1. Commit two weeks: Once you make your child's sleep a priority, clear your calendar so you can focus on the task with 100 percent consistency. It may even require you to limit your child's social life for a couple of weeks. That includes no middle of the day music classes; no stroller naps so you can sneak a trip to the mall; no early dinners at your favorite restaurant that turns into just one more glass of wine for mom and dad while the baby dozes or your toddler enters meltdown mode.

2. Stay confident: The research shows that babies can pick up on your anxieties even when they are as little as 4-6 months. The more tentative and nervous you feel about helping them sleep independently, the harder it will be for them and for you. Be confident, shower your baby with hugs and kisses, and allow him the opportunity to learn one of the most valuable things you will teach them - how to fall asleep without needing you!

3. Limit wake time: All parents spend a lot of time trying to determine why their baby is crying, especially in the early days.

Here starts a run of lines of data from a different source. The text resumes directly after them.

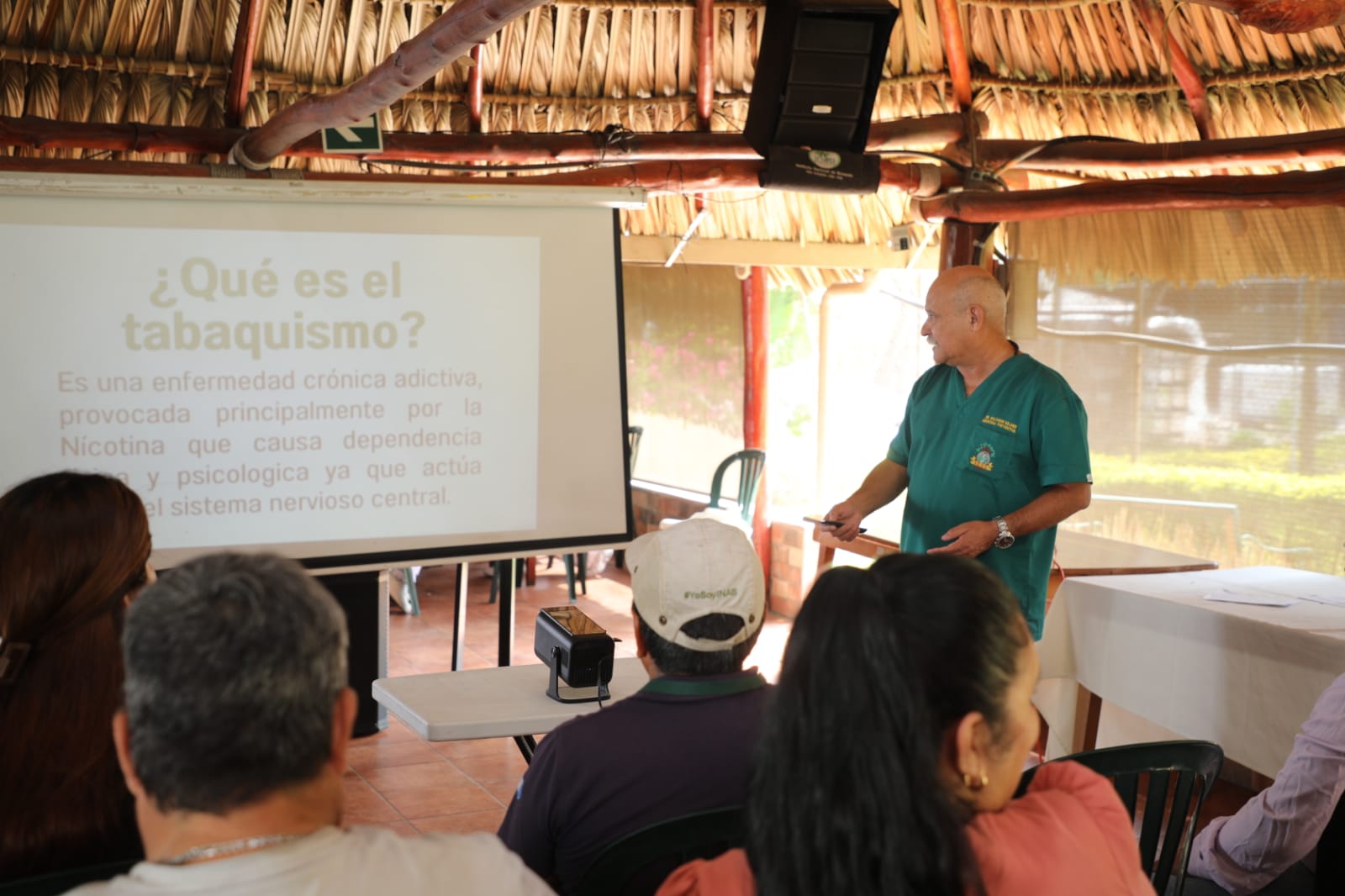 Como parte de la jornada, se brindó una charla sobre tabaquismo dirigida al personal del INAB, a cargo del Dr. Salvador Solares de Medicina Preventiva del Instituto, enfocada en crear conciencia sobre sus efectos, fortalecer la prevención y fomentar decisiones informadas para el bienestar.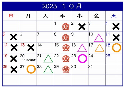 ※空欄は受付中。前日まで、お電話にてご予約ください。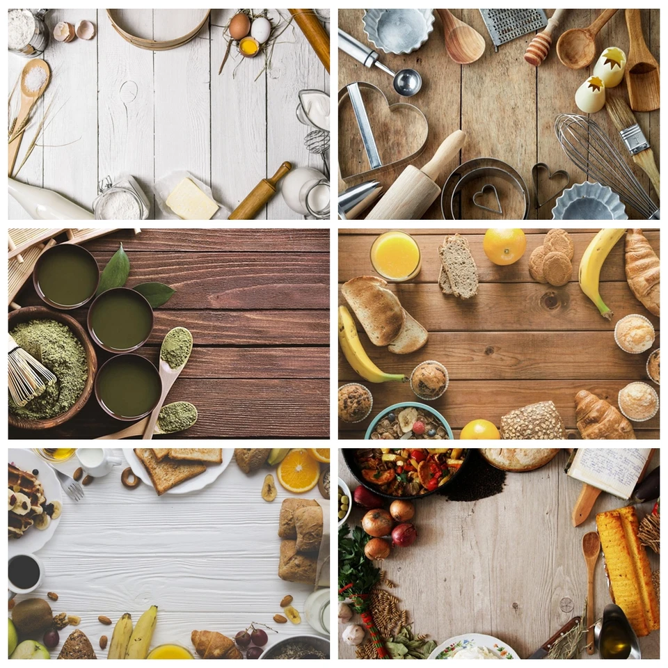 Laeacco Gray Wooden Boards Kitchen Tools Egg Wallpaper Pet Doll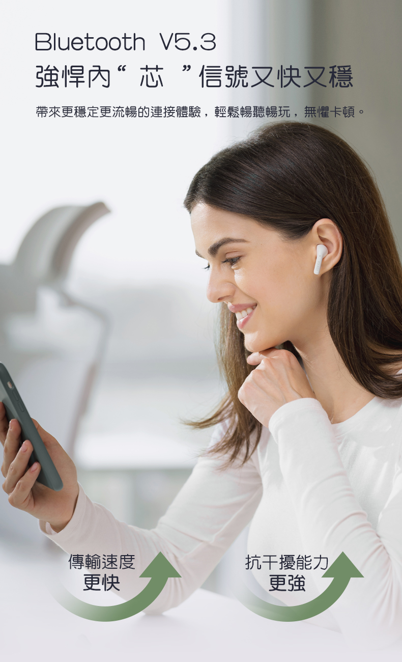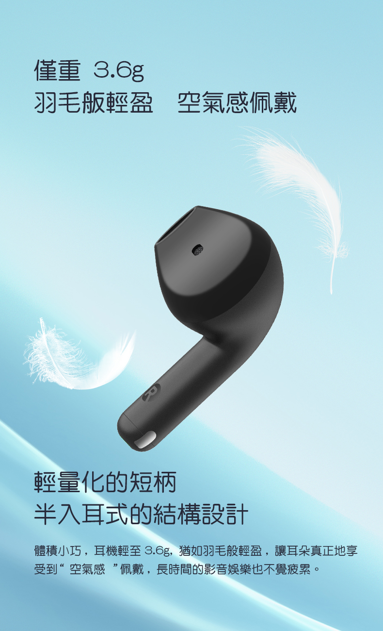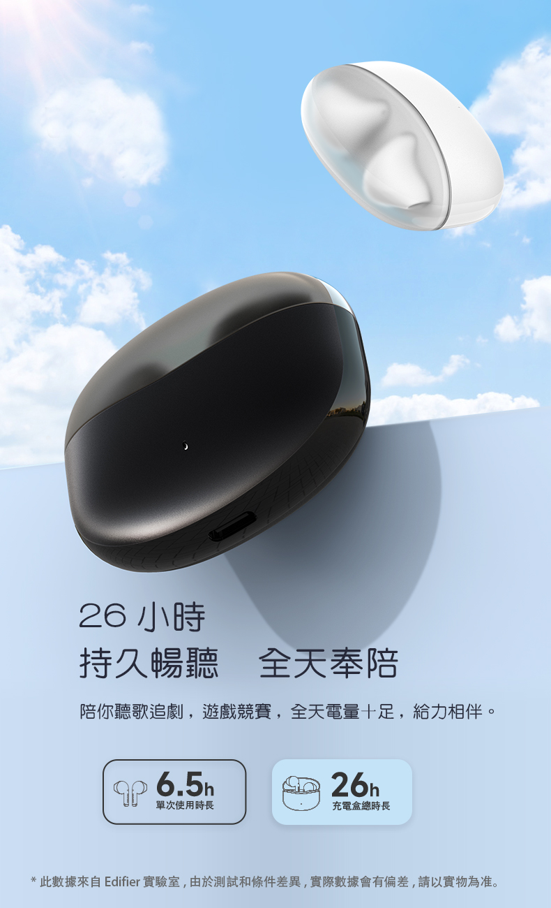 - 耳機約: 6.5h + 充電盒約: 19.5h; 總使用時長約: 26h

While it may be tricky at first, the options are usually limited -- thankfully!. She's hungry, she needs a diaper change, or she's just plain tired. Hard as it is to believe, babies can only tolerate 1-2 hours of wakefulness before they need to sleep again. When we make the mistake of stretching wakeful periods too long, it makes it very difficult to fall asleep because she will be overtired, and in fact wired! Between 6-12 months, the wake time stretches a bit, but remember to err on the side of earlier bedtimes which should start no more than 3-3 1/2 hours from the end of the second nap. Yes, that may mean as early as 5:30 or 6:00!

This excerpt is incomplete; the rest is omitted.